Bone Tissue and Biomaterial Design Based on the Anisotropic Microstructure

Abstract

© 2015 Institute of Race Relations. Bone possesses many functions because of its well-organized hierarchical structure at various levels. Original intact bone exhibits specific anisotropic biological apatite (BAp) crystallite orientation that is closely related to the arrangement of collagen fibrils. Preferential alignment of anisotropic BAp crystallites/collagen fibrils in typical cortical and spongy bones, for example, changes depending on the bone shape, in vivo stress distribution, and bone turnover. The preferential alignment of the BAp c-axis, in particular, tends to orient along the stress distribution in the original bones, indicating bone mechanical anisotropy.
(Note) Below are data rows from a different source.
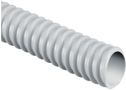
IMMAGINE RAPPRESENTATIVA EC REPRESENTATIVE IMAGE

Conduits and fittings > Spiral conduits > Flexible spiral conduits > Series gfe - class 23114 - 320 n > Spiral flexible conduits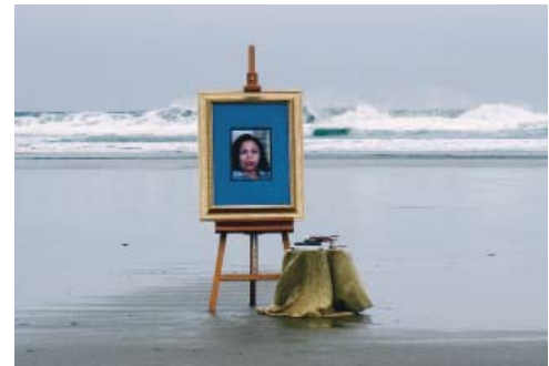
Top Right: “ Sound of the Ocean ,” Freedom for Taghrid , (2006) archival digital print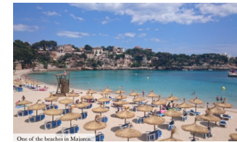
One of the beaches in Majorca.

Recovery of anisotropic BAp alignment strongly depends on the regenerated portion and regeneration period, which is insufficient to reach the original level, while bone mineral density (BMD) is almost improved to its original value. This finding suggests that BMD recovers prior to the improvement of BAp alignment and the related mechanical function of the regenerated tissue. Remarkable changes in degree of anisotropic BAp orientation are also found in some pathological hard tissues including gene-defected animals developing osteoporosis, osteopetrosis, and osteoarthritis. The bone tissue from the macro- to nano- scale level, including BAp/collagen orientation, exhibits anisotropic integrity that is closely related to mechanical adaptation. In fact, BAp/collagen alignment is among the most important bone quality indices that can be used to evaluate in vivo stress distribution, nanoscale microstructure, and the related mechanical function in various bones. Optimal design of biomaterials for bone replacement can be provided from the viewpoint of bone tissue anisotropy.